Don’t ever mix up hay and straw. One of the biggest pet peeves of a farmer is when people call hay, straw, or vice versa. Just don’t do it….enough said!
Pray! Pray for rain, pray for the rain to stop, pray for the livestock, pray for the crops, pray for safety, pray for your family, pray for success, pray for lessons learned, pray for life!
One of my favourite shows on TV when I was growing up was Dr. Quinn Medicine Woman. In fact I own all the seasons on DVD and still watch it today. I grew up wishing to live in that era. I just loved the idea of the family homestead, the love, the hard work that went into everyday life. In some ways I think I loved the simplicity of things, while it seemed to be tough living, it didn’t have the complexities of today. Now I realize I am comparing to a TV show but it was the idea that I loved I guess.
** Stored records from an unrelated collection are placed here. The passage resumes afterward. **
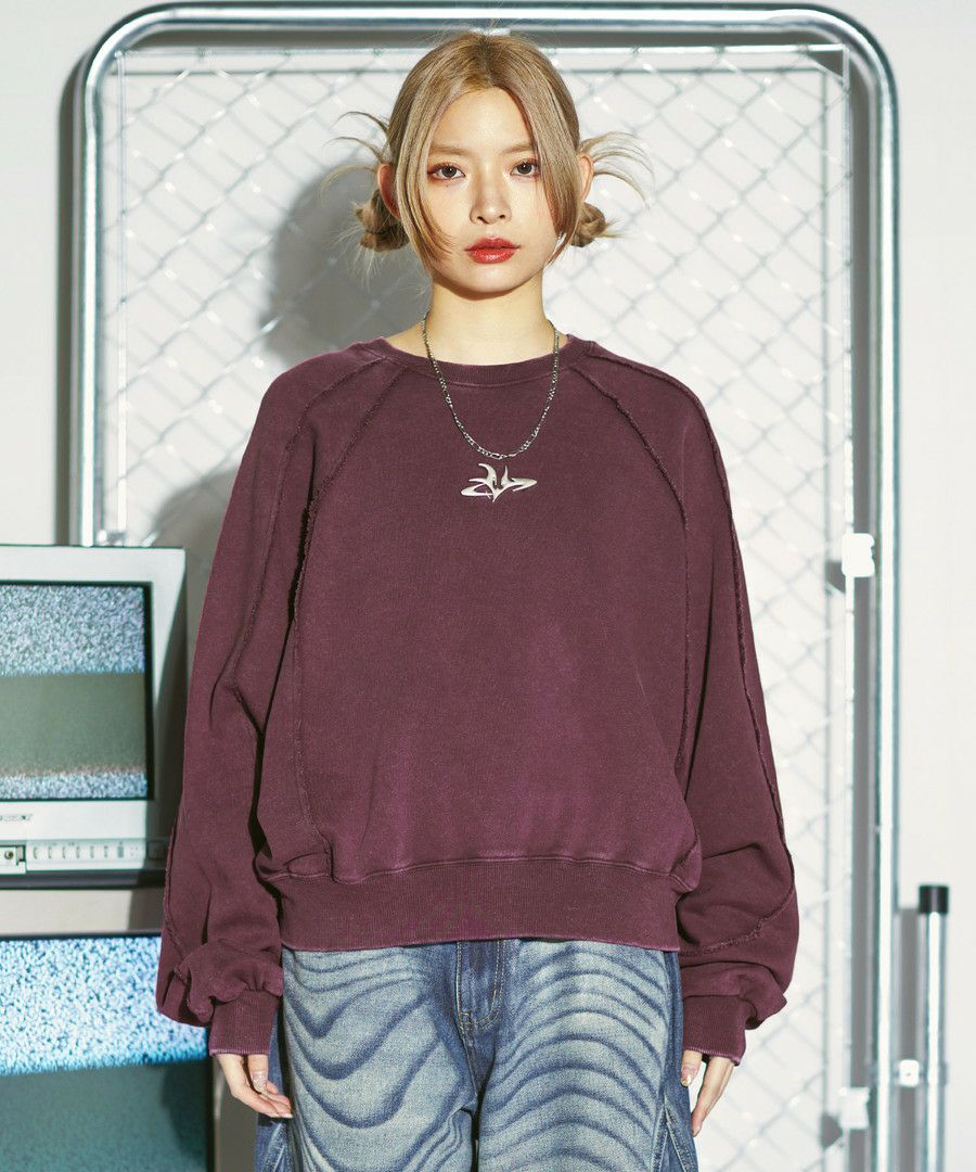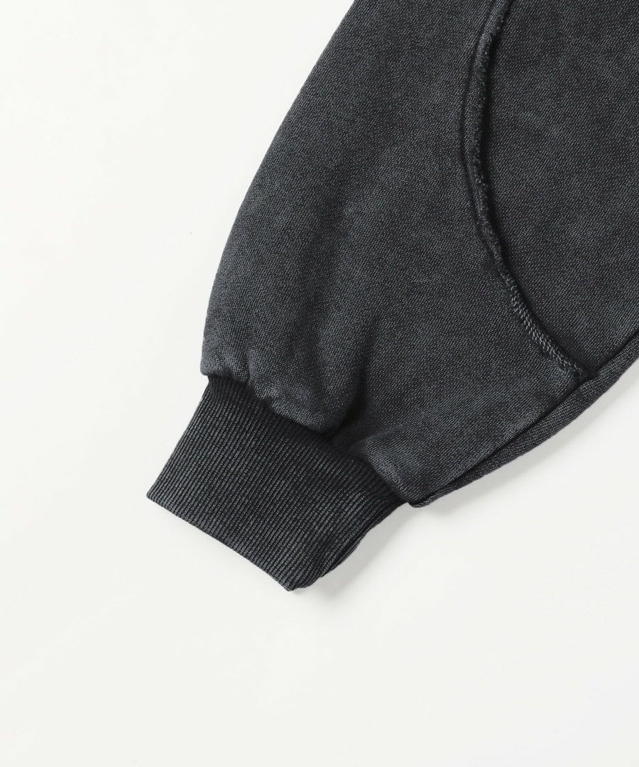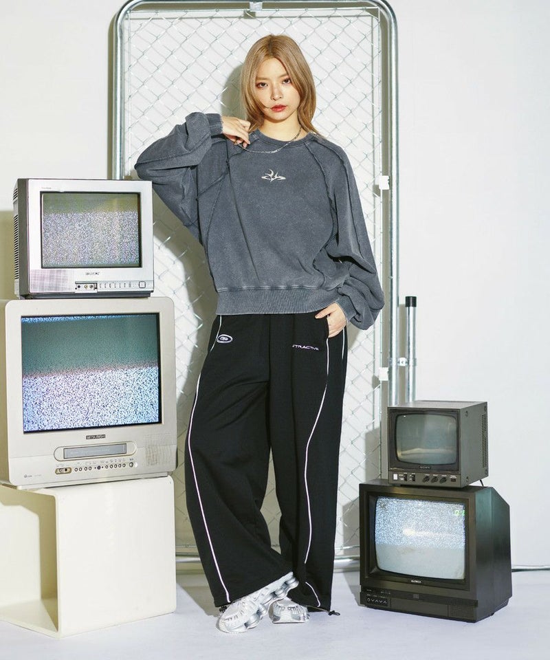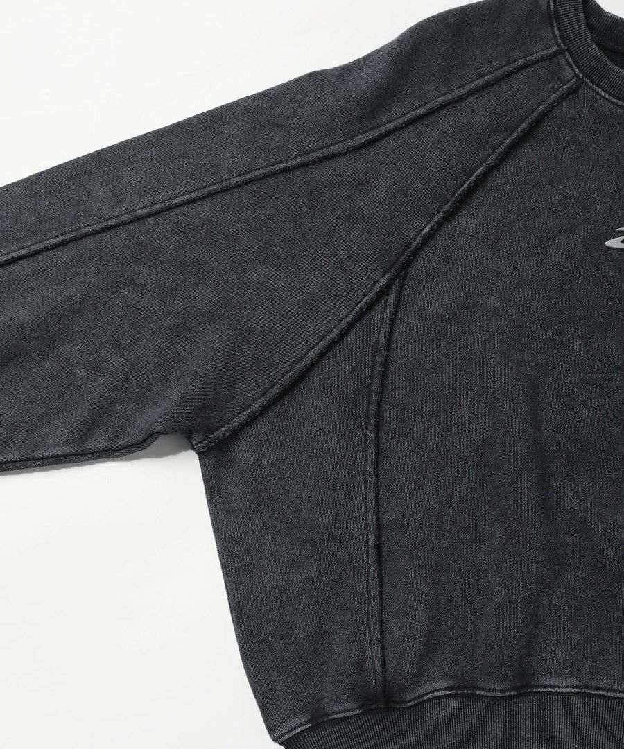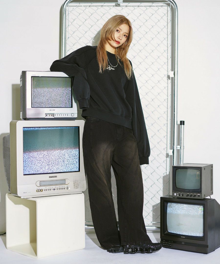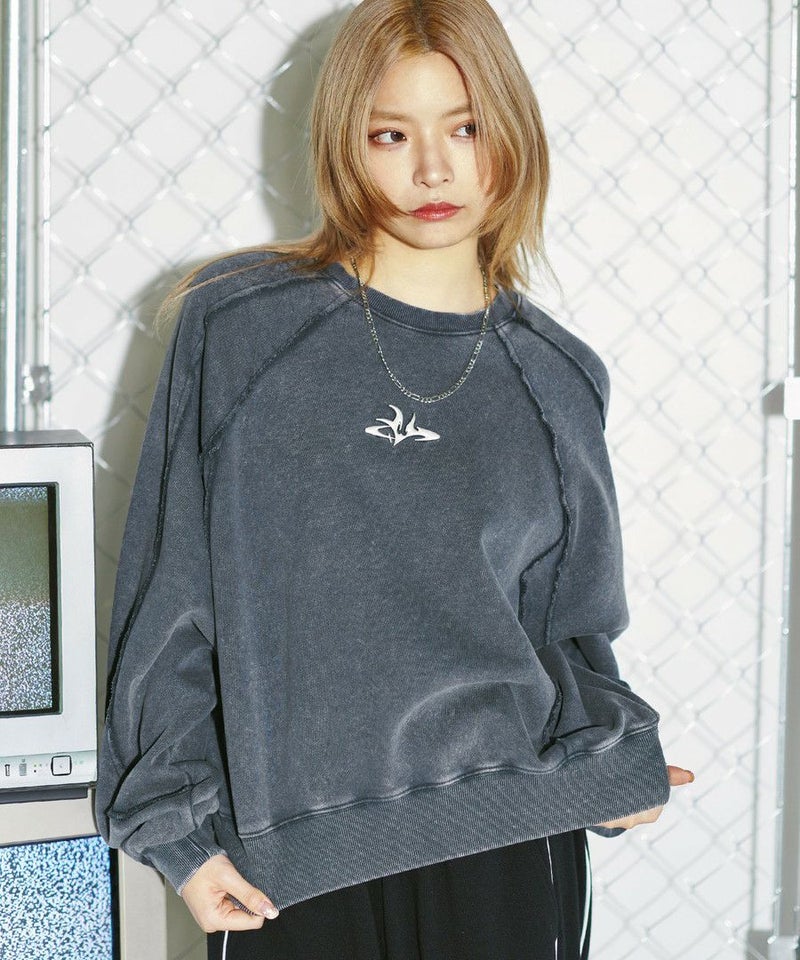 オーバーダイ/ウォッシュ加工オーバーサイズウェーブ切替ワイドストレートバギーデニムパンツ 11.5oz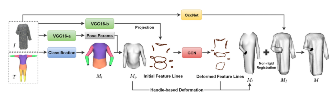众所周知,服装的领口、袖口、下摆线等位置的三维服装特征线在展现服装的轮廓中起到决定性的作用。因此,本文首先根据输入图像,使用图像引导的图卷积神经网络(GCN)预测三维服装特征线的位置和性状,并以此作为基于手柄的形变方法(Handle-baseddeformation) 的硬性约束,将服装模板网格首先形变至与输入图像中服装宏观性状接近的形状。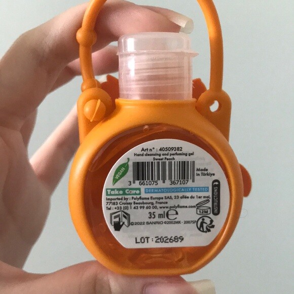 hand sanitizer is 35 ml, comes with adorable hand sanitizer holder so you can attach Hello Kitty to your purse wherever you go on all your adventures!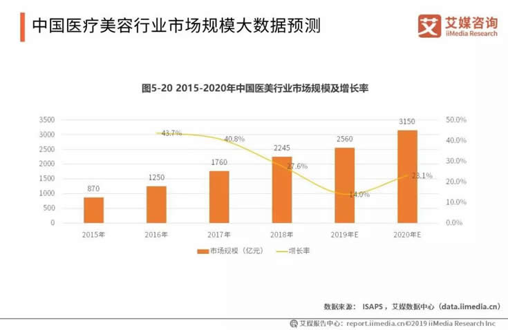 中國(guó)醫(yī)療美容市場(chǎng)2018年規(guī)模達(dá)2245億元,2012-2015年中國(guó)醫(yī)療美容市場(chǎng)的復(fù)合增長(zhǎng)率為22.7%,預(yù)測(cè)2020年將達(dá)3150億元。艾媒咨詢分析師認(rèn)為,中國(guó)醫(yī)療美容行業(yè)有比較大的增長(zhǎng)潛力,特別是如新氧等公司IPO上市成功,會(huì)進(jìn)一步提高醫(yī)美行業(yè)的資本關(guān)注度。

I’m a bit of an old soul, I suppose that may be why I find myself married to someone a decade older then me. :)
But in all honesty I have loved the highs and lows of being married to a farmer, whom lives and breaths this lifestyle. I would not and could not ever ask him to walk away from it, it’s in his blood, and that means it needs to be in mine too. I have so much to learn. What I have really grown to love about this life is the continuous view of God’s glorious creation. I am constantly in awe as I watch the crops poke out of the ground, as I watch a calf being born, as I watch the farmer tend to and care for their animals as if their own lives depend on it….because they do. I love the constant change, the change of seasons, the change of pace, the change of scenery. I love to watch the growth all around me, and within me, the growth of our children, the growth of our dreams. And of course I love the view. The view every morning the sun rises, and every night that it sets. I couldn’t ask for it to be any other way.